# Clausing 100 MK 3 split nut.



## Kylisdad (Sep 6, 2013)

I have been resurrecting An old Clausing 100 MK3 for about 8 months now. I have had to make many of the parts I need because they couldn't be be found, or cost more than I paid for the machine. 
One of the last items I am looking for is the split nut, or half nut. The machine did not come with one. Anyone know anywhere I may be able to buy one? I checked with Clausing, and it is no longer available for that machine.... I know it is 3/4 8 acme, Perhaps I would be better off buying a tap and making one? 

Thanks for the help...


----------



## Newmetalmark (Oct 17, 2013)

Theres a fellow on eBay that makes split nuts for lathes, goes by the handle "largevise" . If you need specs on it, Clausing should be able to provide them to you. If not, PM me and maybe I can pull mine out for measurement. Give me an excuse to get to work on mine.


----------



## Kylisdad (Oct 18, 2013)

I did finally get one made out of solid brass salvaged from our scrap bin. I saved enough material to make 3 or 4 more if needed. 

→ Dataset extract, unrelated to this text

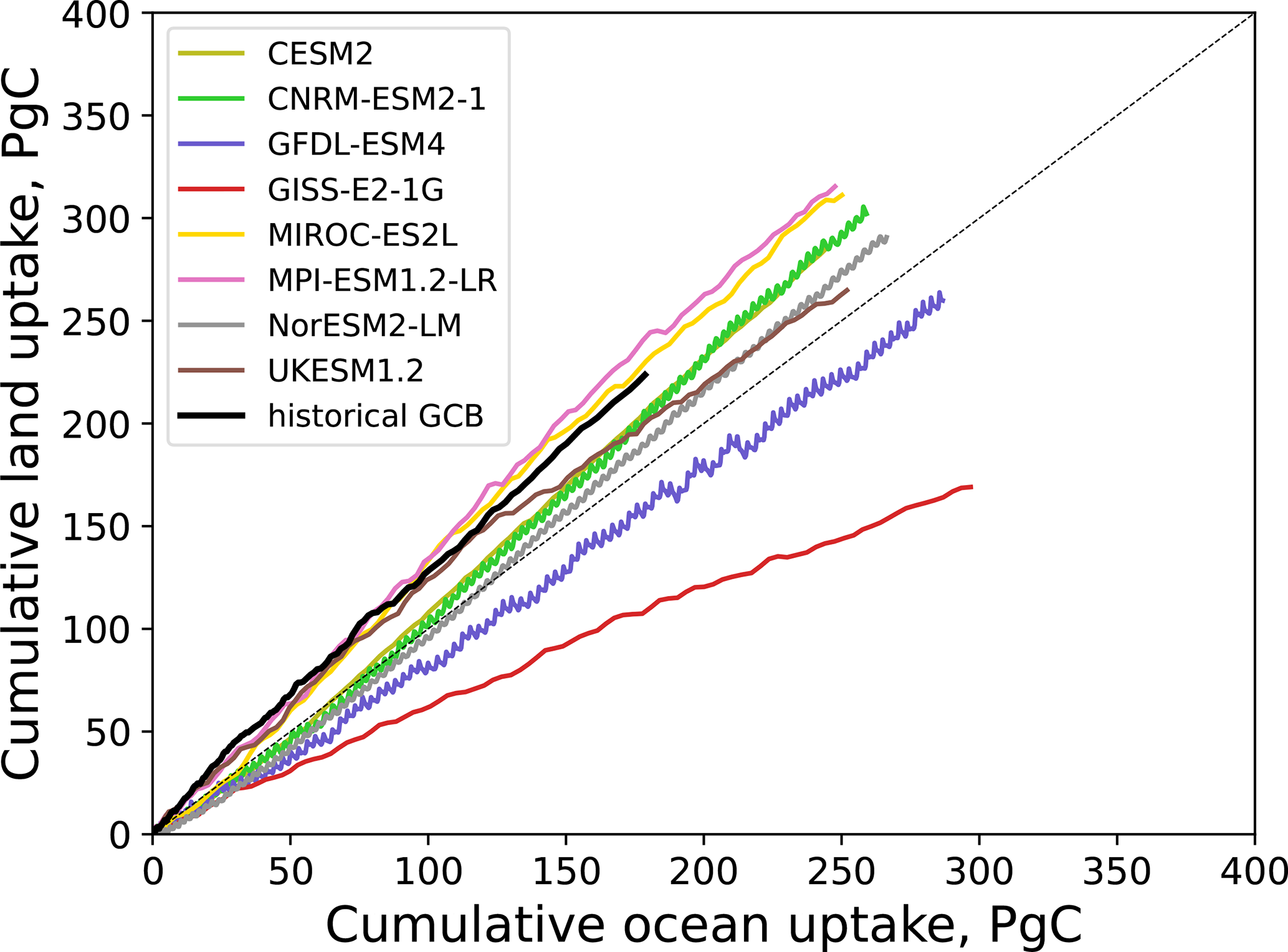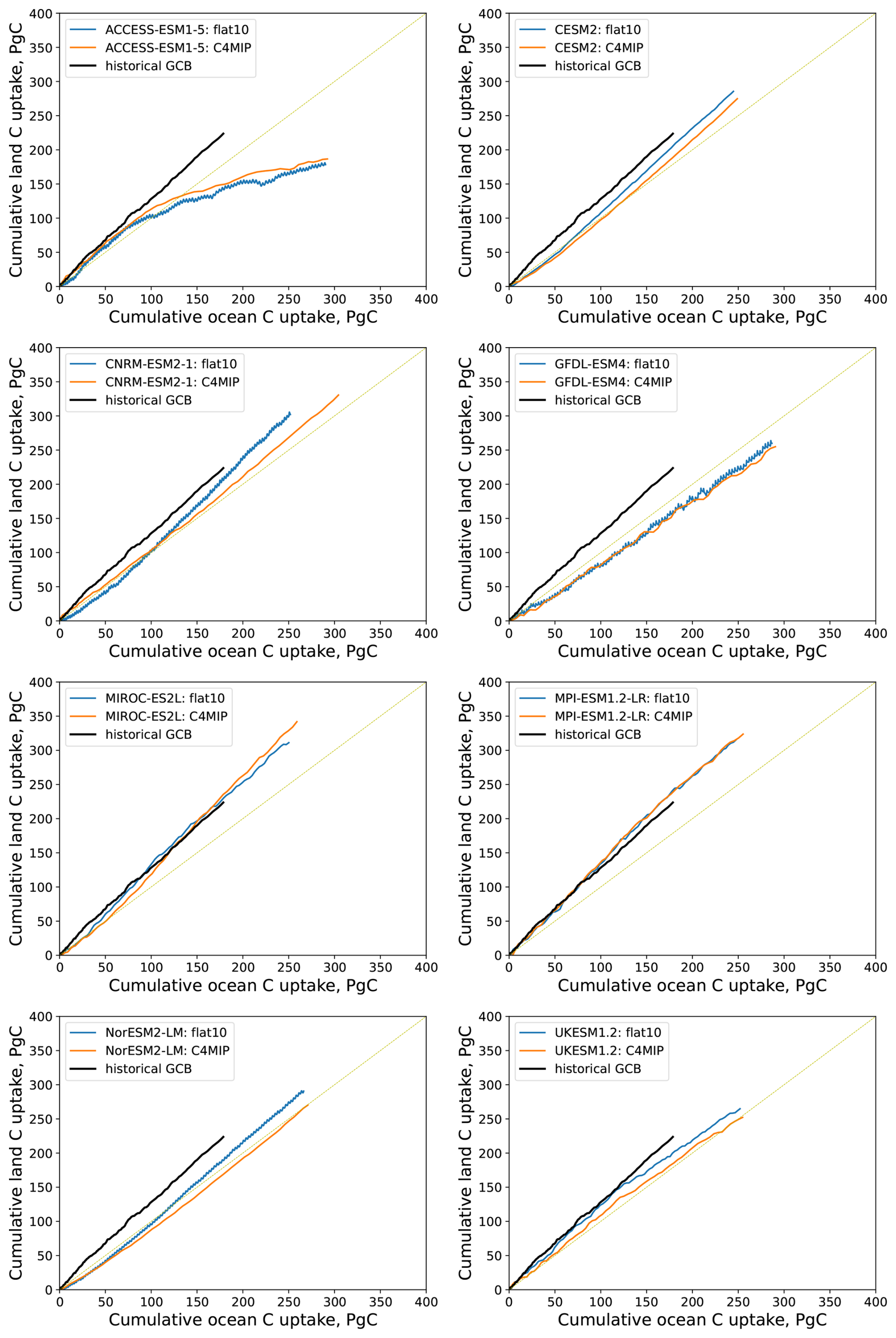 Figure 1Cumulative land vs. ocean carbon uptakes in the flat10 experiments for the first 100 years. Historical land vs. ocean carbon sinks in the Global Carbon Budget (GCB) (Friedlingstein et al.2023) for the period 1850–2022 are shown by continuous black line. The land sink in GCB is calculated from simulations in which CO2 and climate evolved over the historical period, while the land cover stayed at its pre-industrial level (no land use change). The thin dash line is the 1:1 ratio.

The worst part was reassembling everything enough to get the dimensions I needed. I purchased an acme tap off of ebay. It seems to work OK, but I think I made the actual position of the thread to close to the carriage. Sometime when I get a chance I will modify the program and machine another one.


----------



## 34_40 (Nov 15, 2013)

Not sure if it'll be any help to you now but, I'm taking my apron off to work on the crossfeed clutch and can get some measures if it would help.:thumbsup:


----------